Learn about the different types of PBX phone systems and how each of them operate.
If you’ve just begun researching phone solutions for your business, you may have come across the acronym PBX, which stands for Private Branch Exchange. Wondering what it means? We’re here to help.
PBX is simply a term meaning business-grade phone system. Business phone systems offer key voice features that companies need to run daily operations. Such features include: extension dialing, business hour settings to route calls off hours, customer waiting queues, music on hold, and call conferencing. Residential telephone lines and cell phone services do not offer these features, which, in short, connect people at work.
PBXes come in a wide variety, although most today are digital and leverage the Internet to send voice and video communications. Below is a quick run-down of the types of PBXs available today. We will start by explaining the oldest PBX— analog PBX. We do not recommend this for any modern day business; however, you may find the explanation helpful if you currently have an analog PBX.
Traditional Analog PBX Phone System
These systems have been around for a long time and connect to the Public Switch Telephone Network (PSTN) over Plain Old Telephone Service (POTS) lines. The PBX manages calls between phones and fax machines by being physically connected to them over copper wiring. Incoming calls are routed through the PBX and out to the phones, and calls can be transferred between phones via the PBX. The PBX itself typically lives in an office’s telecom closet.
The key to an analog PBX is that it connects to POTS lines that pre-date the Internet. These systems are not capable of many modern-day phone system features, such as voicemail-to-email, and they cannot deliver high definition voice calls.

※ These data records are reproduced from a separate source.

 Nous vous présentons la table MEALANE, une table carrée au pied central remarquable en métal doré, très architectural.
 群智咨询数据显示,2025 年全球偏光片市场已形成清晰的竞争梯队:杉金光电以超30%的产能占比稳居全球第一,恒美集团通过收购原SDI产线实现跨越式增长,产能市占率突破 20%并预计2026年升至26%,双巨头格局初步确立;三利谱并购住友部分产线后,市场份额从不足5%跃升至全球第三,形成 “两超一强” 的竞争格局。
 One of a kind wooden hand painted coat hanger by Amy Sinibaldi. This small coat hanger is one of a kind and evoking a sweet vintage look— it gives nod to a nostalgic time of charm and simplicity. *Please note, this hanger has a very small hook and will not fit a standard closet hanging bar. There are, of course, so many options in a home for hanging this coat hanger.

On Premise IP PBX or VoIP PBX
With the gradual replacement of copper lines with broadband Internet, Internet Protocol (IP) PBXs are the most common systems used in enterprises. Although it is still possible to purchase analog systems, it is certainly not desirable as they are not expandable or upgrade able. They require adapters in order to work with VoIP or other digital hardware.
An IP PBX delivers voice calls over the Internet, otherwise known as VoIP. A premise-based IP PBX is a VoIP-based phone system that is housed within the office, also typically in a telecom closet. (It looks like a server with a bunch of wires.) Instead of physically connecting to the PBX with copper wiring, phones connect to the PBX over an office’s Local Area Network (LAN), often leveraging the same Internet connectivity that your office computers do.

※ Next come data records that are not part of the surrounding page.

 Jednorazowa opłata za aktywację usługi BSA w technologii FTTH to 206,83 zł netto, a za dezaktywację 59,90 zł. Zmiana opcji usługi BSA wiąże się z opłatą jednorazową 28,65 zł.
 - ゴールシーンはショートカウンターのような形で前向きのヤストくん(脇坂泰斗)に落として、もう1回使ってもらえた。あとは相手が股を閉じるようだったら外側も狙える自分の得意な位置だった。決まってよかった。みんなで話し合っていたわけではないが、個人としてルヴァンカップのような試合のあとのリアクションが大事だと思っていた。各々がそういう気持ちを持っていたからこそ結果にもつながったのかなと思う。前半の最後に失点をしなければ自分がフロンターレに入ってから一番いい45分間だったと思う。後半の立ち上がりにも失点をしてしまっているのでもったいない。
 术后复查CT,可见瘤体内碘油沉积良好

Because they leverage the Internet, IP PBXs are capable of high definition audio and many other sophisticated PBX features, such as call queuing, flexible business hour rules, and application integration, interchanging with other unified communications and CRM platforms.
Quite a few enterprises use on premise IP PBX systems. But beyond the office’s PBX and LAN, there’s one more component to make the phones work: Primary Rate Interfaces (PRIs) or SIP Trunking service. These are services a business can buy to connect their on premise IP PBX to the Public Switched Telephone Network. That way, the business can make calls to and from their office to the outside world.
If you haven’t gathered yet, to maintain an on-premise IP PBX, you will need the help of an IT professional. The costs associated to an on-premise IP PBX include: equipment (PBX and phones), SIP Trunking or PRI service, and the IT professional’s time to deploy and maintain the phone system.
Hosted PBX or “Cloud Phone System”
A hosted PBX (or Virtual PBX) service takes the phone system out of your telecom closet and puts it “in the cloud.” In other words, hosted PBX is a VoIP-based PBX that is maintained by a service provider and allows businesses to connect to it over the public Internet. For the customer, this eliminates PBX maintenance costs, the hassle of upgrading PBX software, and service downtime, because all these issues are handled by the service provider.
The hallmark of this approach is low upfront capital expenditure, making it often the best fit for small and medium sized businesses. Most hosted PBX providers do not require customers to purchase any equipment beyond IP phones. In case you were wondering, the SIP Trunking service (connectivity to the PSTN) is also handled by the hosted PBX provider— If you make a phone call via a hosted PBX provider, the call will travel over the Internet to the provider, and then back out to the PSTN.
Many hosted PBX providers offer browser-based administrative portals that give account owners full control over how the phone service is used in the office. Customers can add phones, extensions, users, and applications (such as Music on Hold and ACD queues) easily with a few mouse clicks.